We feel, therefore we are.
That seems, more and more, to be the cultural mantra we are all living under whether we recognize it or not. We use that gauge to determine increasingly every decision we make, from the restaurant we want to eat at for lunch to the person we choose or do not choose to remain married to right down to the fitting room we choose to use in a clothing store. If you imagine our lives as locomotives, then the engine at the front of that train – the one that pulls everything else along – is the engine named “feelings.” We feel, therefore we are, and therefore we act.
Our feelings also take the lead in our theology. We read a difficult text, hear some tough words from Jesus, or start to wrestle with a biblical doctrine that just seems so out of date in the modern world, and often the trump card is our feelings. We pick and choose and interpret even the words of the Scripture using our feelings as a grid. The ultimate question, then, is not what is true, but what do we feel.
Given how important feelings are to us, it’s surprising to see just how little the Bible seems to care about them. Now don’t misunderstand here, because the Bible is very honest when it comes to our feelings. The Psalms are an incredibly emotional set of songs filled with gut-wrenching doubt, sorrow, and anxiety. The Psalmist pulled no punches in acknowledging his own feelings, and neither should we. So it’s not that the Bible doesn’t honestly acknowledge our feelings; it just doesn’t seem too concerned with addressing them beyond giving us space to feel what we feel and even speak those feelings out loud to the Lord.
Why might that be? Why doesn’t the Bible tell us what and how to feel? I’d suggest three reasons:
1. Because feelings are liars.
As Eugene Peterson puts it, “Feelings are important in many areas but completely unreliable in matters of faith.” That is true, and the Bible tells us so along with Peterson: “The heart is more deceitful than anything else, and incurable—who can understand it?” (Jer. 17:9).
Like all parts of us, our emotions have been corrupted by sin. We aren’t made happy by the truly joyous things, and we aren’t nearly grieved and outraged enough by those things that truly grieve and outrage a holy God. We simply can’t trust our feelings, and the Bible knows it. It is a fearful thing to live in the knowledge that you can’t trust yourself. But that fear can either paralyze you, or it can make you look outside yourself for the ultimate source of truth and guidance. This is what the Bible is concerned with – revealing to us that source of truth which, unlike our own hearts, can indeed ultimately be trusted.
2. Because God is primarily concerned with faith.
The Book of Hebrews explicitly tells us this:
“Now without faith it is impossible to please God, since the one who draws near to him must believe that he exists and that he rewards those who seek him” (Heb. 11:6).
God is looking for faith. True, genuine faith. And, as the writer of Hebrews also pointed out, faith is all about confidence in what we cannot see; it’s about a lasting hope in what we hope for in God.

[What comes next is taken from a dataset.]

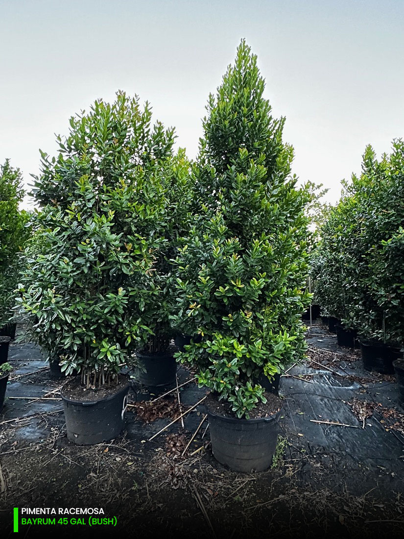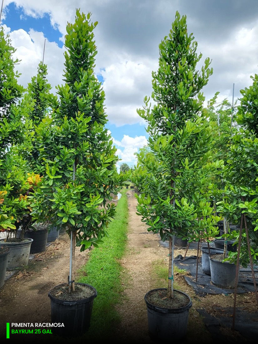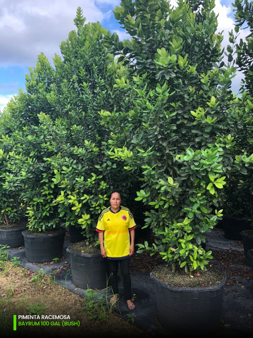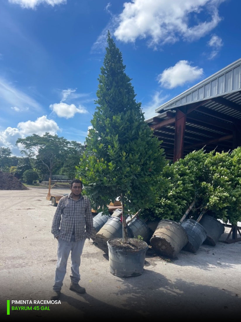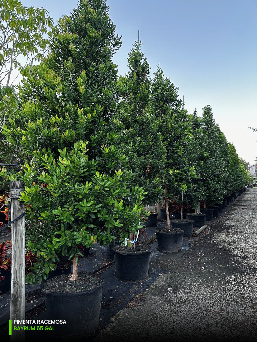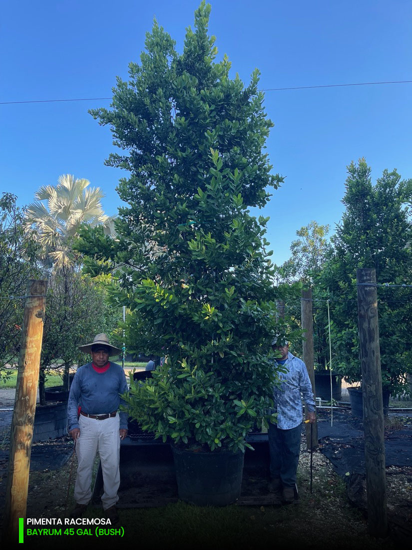 At our tree farms we have Pimenta Racemosa multi-trunk and single trunk (std) starting at 25 gallons, 45 gallons, 65 gallons, 100 gallons, 200 gallons and 300 gallons. You can check out the full specifications chart on the following link.

The very essence of faith is predicated upon a different reality than is immediately apprehended by our senses. We can’t see it. We can’t touch it. We can’t smell or taste it. That’s why we must have faith. And we can extend those five senses into the realm of feelings. We can’t feel “it”, but we nevertheless believe “it” to be true. That is faith.
So the Bible recognizes the primacy of faith in our lives and wants to teach us what to believe about God, the world, and ourselves. Not what we should feel.
3. Because actions, not feelings, are the truest window to the heart.
Is your faith real? Is mine? Feelings will not dictate the answer to that question. Nearly the whole Book of James tells us that actions, not feelings are the truest window to the heart:
“What good is it, my brothers and sisters, if someone claims to have faith but does not have works? Can such faith save him?” (James 2:14).
Church history (and even our own pasts) are riddled with stories of those who knew they ought to feel one thing, and yet they did not. But the issue does not end there. We might not feel like reading the Bible; or singing in worship to God; or being faithful to our spouse; or reporting our income honestly on our taxes. The question, though, is not what we feel; it’s what we do. For it’s those actions that are the truest reflection of whether we have actually been deeply changed by the gospel.
Friends, none of us feels exactly what we ought to feel. All of us have hearts that lie to us and lead us astray. But thank God we have a Bible that tells us the truth even if we can’t do the same thing for ourselves. And thank God that someday, gloriously, we will be made whole – whole in body, whole in spirit, and even whole in our emotions.